━━ Source data ━━
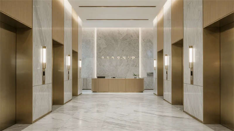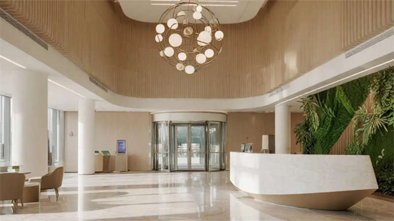 本設(shè)計以現(xiàn)代簡約美學重構(gòu)辦公空間本質(zhì),建筑外觀采用純凈的玻璃幕墻與幾何切割形體,在晝夜交替中演繹光與影的韻律。入口大廳通過挑高空間與弧形前臺營造開放包容的儀式感,綠植墻與球形燈具的點綴賦予空間自然生機。電梯間延續(xù)極簡語言,香檳金金屬與巖板材質(zhì)碰撞出低調(diào)質(zhì)感。
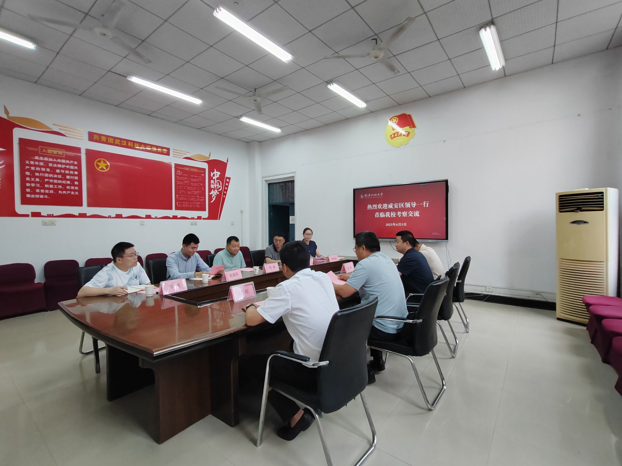 武科大网讯(记者徐继男)6月5日,咸宁市咸安区大幕乡党委书记黄猛、共青团咸安区委书记张凯、经发集团恒辉旅游投资开发有限公司副总经理胡旺,大幕乡党委委员、团委书记徐杰一行莅临鸭脖黄家湖校区青春驿站307会议室交流。会议由校团委副书记张施琦主持。
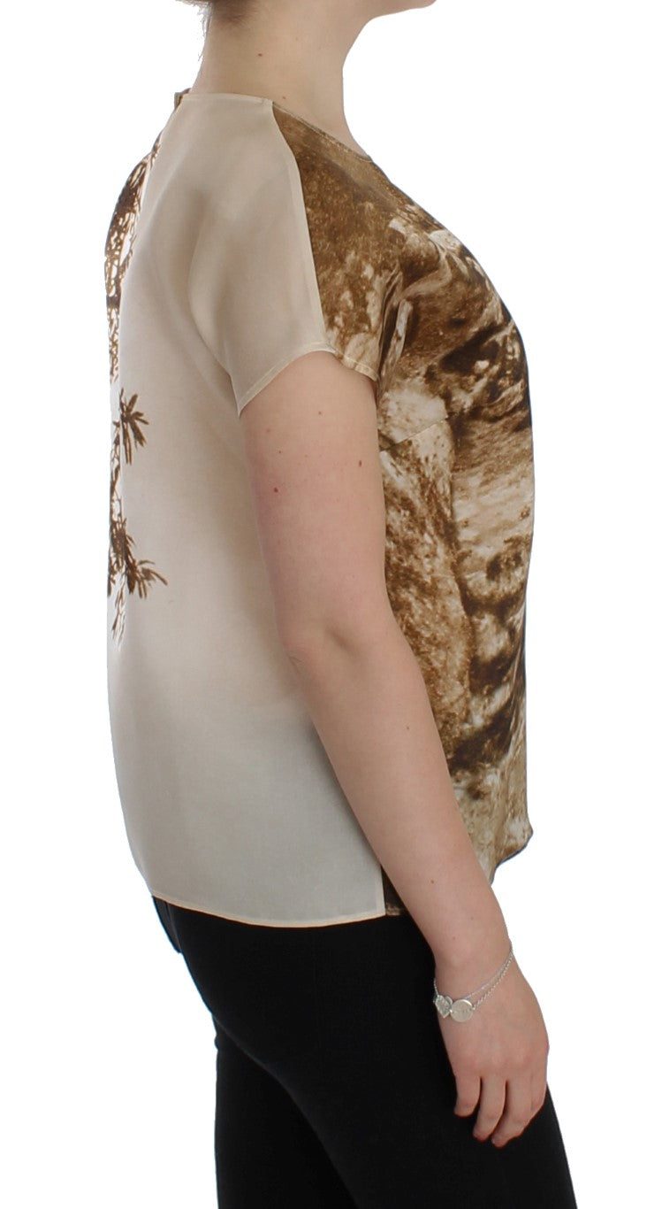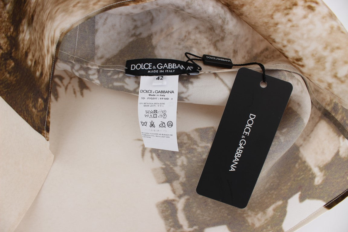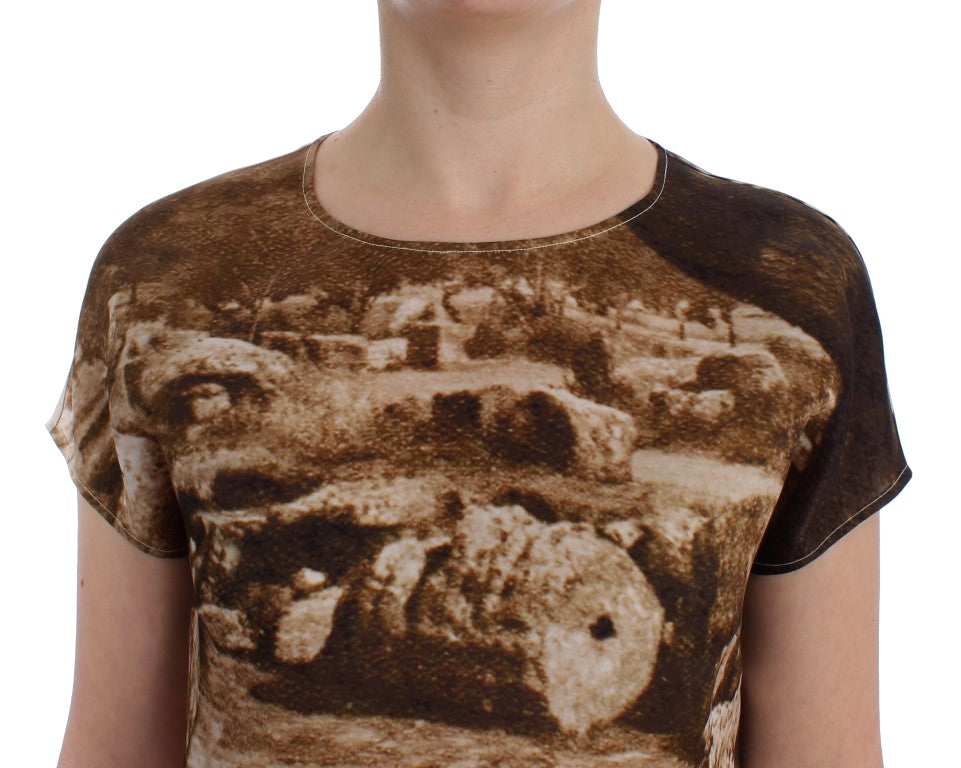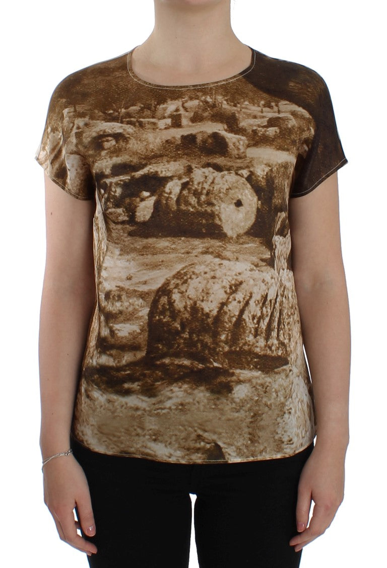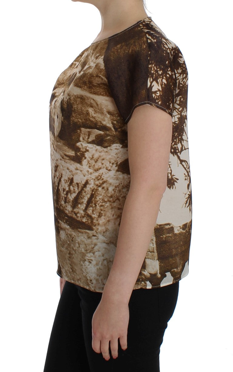 Wunderschöne brandneue, 100% authentische DOLCE & GABBANA braune und beige Taormina Druck kurzärmelige Bluse mit Rundhalsausschnitt. Dieser Artikel stammt aus der exklusiven MainLine Dolce & Gabbana Kollektion.
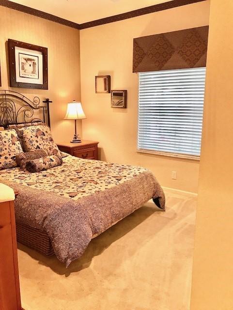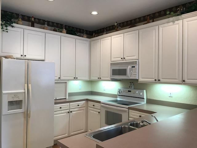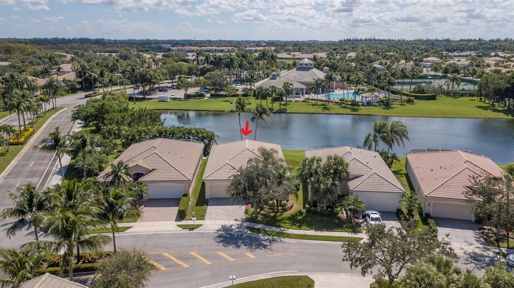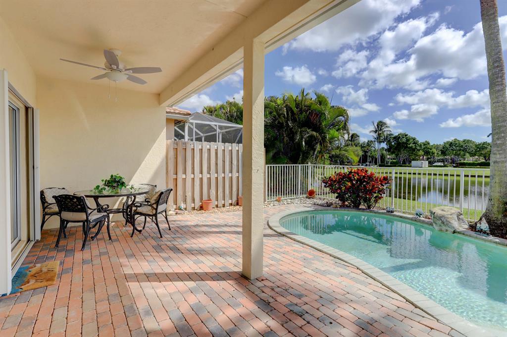 Beautiful home formally the builders' model home! Wood-like tiled floors set in a herringbone pattern greets you at the front door and travels throughout. Carpeting in the two bedrooms. The third bedroom is being used as a den/office. 42'' white kitchen cabinets, undermount lighting and crown molding on top. Family and formal living rooms are separated by an open shelving partition. Master bathroom has dual sinks, and dual shower heads in the shower and separate soaking tub. Linen closets in both bathrooms. Complete accordion shutters, kidney shaped pool over looking lake all fenced in. Covered patio for outdoor dining come rain or shine. Lawn maintenance and a great cable package and internet covered in the HOA. GUARD GATED community -
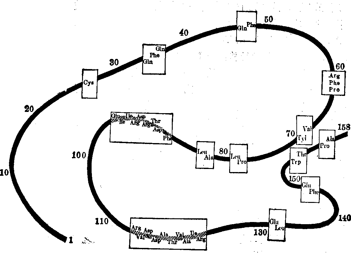 其中x为任何一种氨基酸。流感病毒包膜上的血凝素、神经氨酸酶都是由糖蛋白组成的。由于它们具有生物学活性,对它们的研究比较多。 血凝素(HA) 呈杆状(14×4nm),分子量为24×104道尔顿,每个血凝素由三个分子量约为7.5×104道尔顿的血凝素亚单位组成,每个HA亚单位则由一个较大的多肽(HA1,分子量为5.5×104道尔顿)通过二硫键与一个较小的多肽(HA2,分子量为2.5×104道尔顿)相结合。HA1和HA2都是糖基化的蛋白。有细胞凝集活性的部分位于HA1中,由HA2插入包膜的脂质中。每个流感病毒约有550个血凝素。血凝素能刺激机体产生抗体,该抗体具有抗病毒感染的作用和抑制红细胞凝集的作用。所以,可以认为血凝素除了能吸附、凝集红细胞外,在感染过程中能使病毒吸附于细胞受体上。
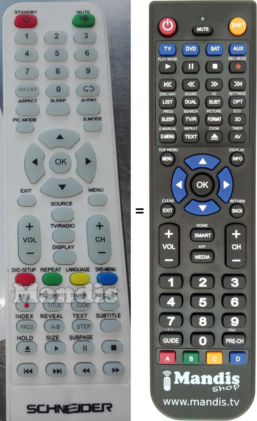 La télécommande TV Schneider de remplacement est exactement la même que la télécommande d'origine. Les boutons sont doux et faciles à appuyer et répondent de manière très sensible, les boutons sont clairement étiquetés., éloigné. La télécommande est de bonne qualité, très durable et peut être utilisée pendant une longue période. Telecommande Orange Télécommande De Remplacement Pour TV Schneider LD32-SCA05HB LD32-SCN06HB LD40-SCN06FHB LED32-SCP200H LED32-SCPX200H LED43-SCP200K Télécommande Universelle Lg Télécommande Schneider Tv : top 10 en décembre 2025 Remplacement direct pour la télécommande originale Aucun code d'installation requise. Il suffit d'insérer les piles et commencer a utiliser. Capable d'accéder... Aucun ajustement requis: pas de programmation ou de configuration, facile à utiliser. Aazon.es: schneider ando tv S'il y a un problème avec notre produit ou service, n'hésitez pas à nous contacter. La distance de transmission est plus éloignée. Rechercher une télécommande SCHNEIDER
━━━
**Task details**
The lines above must be transcribed exactly, with every picture left out.

**Task output**
 本設(shè)計以現(xiàn)代簡約美學重構(gòu)辦公空間本質(zhì),建筑外觀采用純凈的玻璃幕墻與幾何切割形體,在晝夜交替中演繹光與影的韻律。入口大廳通過挑高空間與弧形前臺營造開放包容的儀式感,綠植墻與球形燈具的點綴賦予空間自然生機。電梯間延續(xù)極簡語言,香檳金金屬與巖板材質(zhì)碰撞出低調(diào)質(zhì)感。
 武科大网讯(记者徐继男)6月5日,咸宁市咸安区大幕乡党委书记黄猛、共青团咸安区委书记张凯、经发集团恒辉旅游投资开发有限公司副总经理胡旺,大幕乡党委委员、团委书记徐杰一行莅临鸭脖黄家湖校区青春驿站307会议室交流。会议由校团委副书记张施琦主持。
 Wunderschöne brandneue, 100% authentische DOLCE & GABBANA braune und beige Taormina Druck kurzärmelige Bluse mit Rundhalsausschnitt. Dieser Artikel stammt aus der exklusiven MainLine Dolce & Gabbana Kollektion.
 Beautiful home formally the builders' model home! Wood-like tiled floors set in a herringbone pattern greets you at the front door and travels throughout. Carpeting in the two bedrooms. The third bedroom is being used as a den/office. 42'' white kitchen cabinets, undermount lighting and crown molding on top. Family and formal living rooms are separated by an open shelving partition. Master bathroom has dual sinks, and dual shower heads in the shower and separate soaking tub. Linen closets in both bathrooms. Complete accordion shutters, kidney shaped pool over looking lake all fenced in. Covered patio for outdoor dining come rain or shine. Lawn maintenance and a great cable package and internet covered in the HOA. GUARD GATED community -
 其中x为任何一种氨基酸。流感病毒包膜上的血凝素、神经氨酸酶都是由糖蛋白组成的。由于它们具有生物学活性,对它们的研究比较多。 血凝素(HA) 呈杆状(14×4nm),分子量为24×104道尔顿,每个血凝素由三个分子量约为7.5×104道尔顿的血凝素亚单位组成,每个HA亚单位则由一个较大的多肽(HA1,分子量为5.5×104道尔顿)通过二硫键与一个较小的多肽(HA2,分子量为2.5×104道尔顿)相结合。HA1和HA2都是糖基化的蛋白。有细胞凝集活性的部分位于HA1中,由HA2插入包膜的脂质中。每个流感病毒约有550个血凝素。血凝素能刺激机体产生抗体,该抗体具有抗病毒感染的作用和抑制红细胞凝集的作用。所以,可以认为血凝素除了能吸附、凝集红细胞外,在感染过程中能使病毒吸附于细胞受体上。
 La télécommande TV Schneider de remplacement est exactement la même que la télécommande d'origine. Les boutons sont doux et faciles à appuyer et répondent de manière très sensible, les boutons sont clairement étiquetés., éloigné. La télécommande est de bonne qualité, très durable et peut être utilisée pendant une longue période. Telecommande Orange Télécommande De Remplacement Pour TV Schneider LD32-SCA05HB LD32-SCN06HB LD40-SCN06FHB LED32-SCP200H LED32-SCPX200H LED43-SCP200K Télécommande Universelle Lg Télécommande Schneider Tv : top 10 en décembre 2025 Remplacement direct pour la télécommande originale Aucun code d'installation requise. Il suffit d'insérer les piles et commencer a utiliser. Capable d'accéder... Aucun ajustement requis: pas de programmation ou de configuration, facile à utiliser. Aazon.es: schneider ando tv S'il y a un problème avec notre produit ou service, n'hésitez pas à nous contacter. La distance de transmission est plus éloignée. Rechercher une télécommande SCHNEIDER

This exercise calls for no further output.